Kelly McParland is an idiot. There is a growing number of intelligent and well educated people who are questioning the official explanation of the comedy of errors, believing that to be the tinfoil hat in the room.
Obviously he either didn't read Ms Hughes' article, because she never suggests that legions of Jews knew of the attacks, only that the Israeli intelligence agency had warned the U.S. several weeks before the attack; or he has a problem with comprehension. Not a good trait for a journalist.
Or maybe he just paraphrased Peter Kent (before picking up his pay cheque? I'm just saying. Conservative Lee Richardson is a saint for suggesting that all crime is committed by immigrants, but a journalist is discredited for reporting alternative theories to 9/11).
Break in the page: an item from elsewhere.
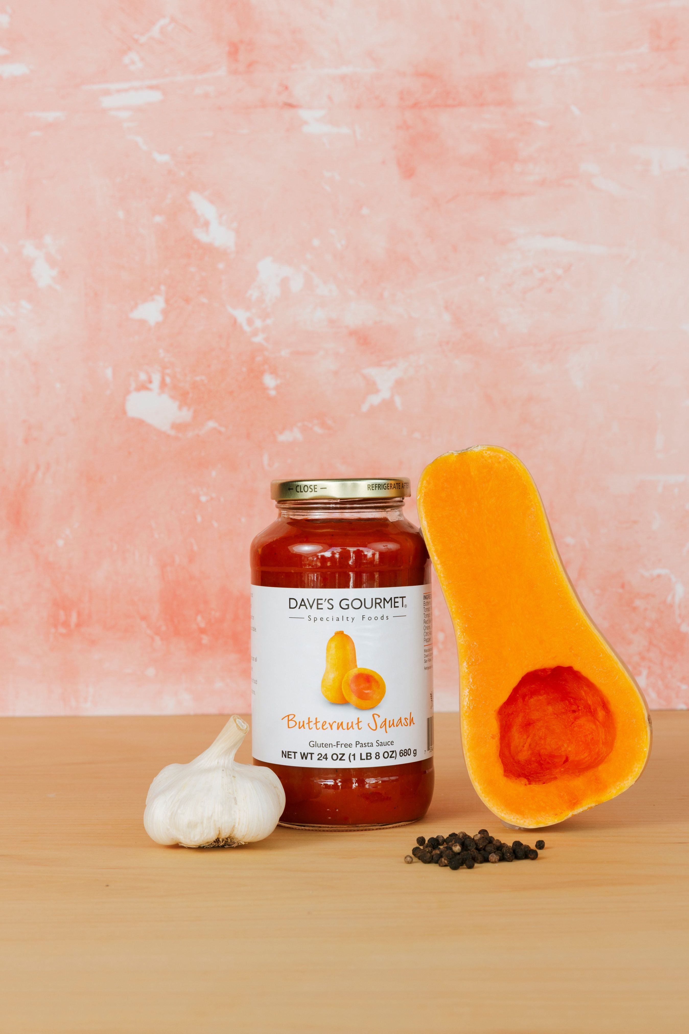 Dave's Gourmet Butternut Pasta Sauce is a Gold Medal Winner for "Best Pasta Sauce"! Our naturally wholesome butternut sauce is made from squash ripened in Oregon's Willamette Valley. It is enhanced with fresh garlic, onions, and roasted red peppers for a hearty and delicious flavor.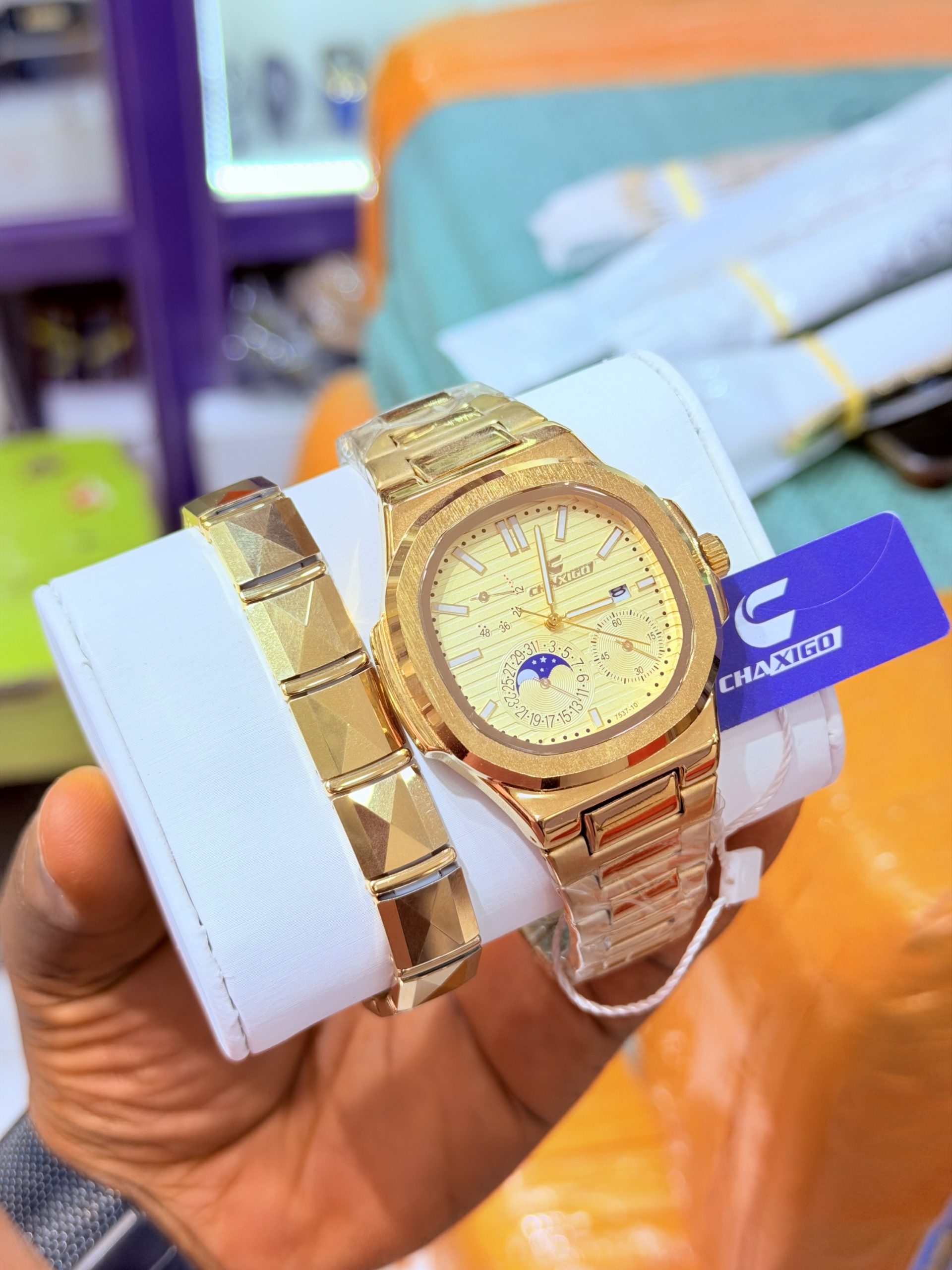 Previous Product Next Product Chaxigo orange combo boxed ₦17,000 Category: Watches 11 in stock Chaxigo orange combo boxed quantity Buy Now Reviews (0) Reviews There are no reviews yet. Be the first to review “Chaxigo orange combo boxed” Cancel replyYour email address will not be published. Required fields are marked *Your rating * Rate… Perfect Good Average Not that bad Very poor Your review *Name * Email * Save my name, email, and website in this browser for the next time I comment. Opens in a new window Tweet This Product Opens in a new window Share on Facebook Opens in a new window Pin This Product Opens in a new window Mail This Product Related products Quick View Quick View WatchesRebirth mixed tone black face unisex watch ₦10,500 Buy Now Quick View Quick View WatchesG shock stone face ₦40,000 Buy Now Quick View Quick View WatchesSilver Chanel watch ₦11,500 Buy Now

She did offer an explanation, but really didn't need to. I read her article and she did nothing wrong. If we condemn every reporter for presenting things we don't want to hear, why bother having an independant media at all.
Lesley Hughes responds
October 1st 2008
By Lesley Hughes
Six years ago, I wrote a column which examined evidence that the U.S. occupation of Afghanistan may have been motivated by the drive for oil and drug profits.
As background, I reported that the intelligence agencies of Germany, Israel and Russia all warned the CIA that the attacks of Sept. 11 were coming, a fact also reported in the London Telegraph, the Jerusalem Post, and on Fox News. I noted that the U.S. disregarded the warnings, but Israeli businesses took them seriously, and (sensibly) vacated the Twin Towers.
The Canadian Jewish Congress seems to have assumed that I am one of those who subscribe to a bizarre conspiracy theory that the world’s Jews were responsible for 9-11, a ludicrous idea I have never supported.
As a result of the Congress’s assumption, I have been slandered as an odious anti-Semite, a claim accepted by the prime minister, by the leader of the opposition, and the nation’s media. I have also been labelled an extremist nutbar who has promoted, rather than investigated, the possibility that 9-11 was an inside job. As a result, the voters of Kildonan-St. Paul have no Liberal candidate, and a narrower debate before electing their MP.
One hopes journalists will be asking two questions: 1) Who benefits from this hysteria? 2) Is it still possible for journalists to do the work of journalism, which is to “challenge the official story” in an atmosphere of fear and ridicule?
I have a third question. Will Kelly McParland or Dan Lett ever grow a pair?
The so-called "Jewish groups" are nothing more than fronts for political Zionism and the terrorist state of Isr-el.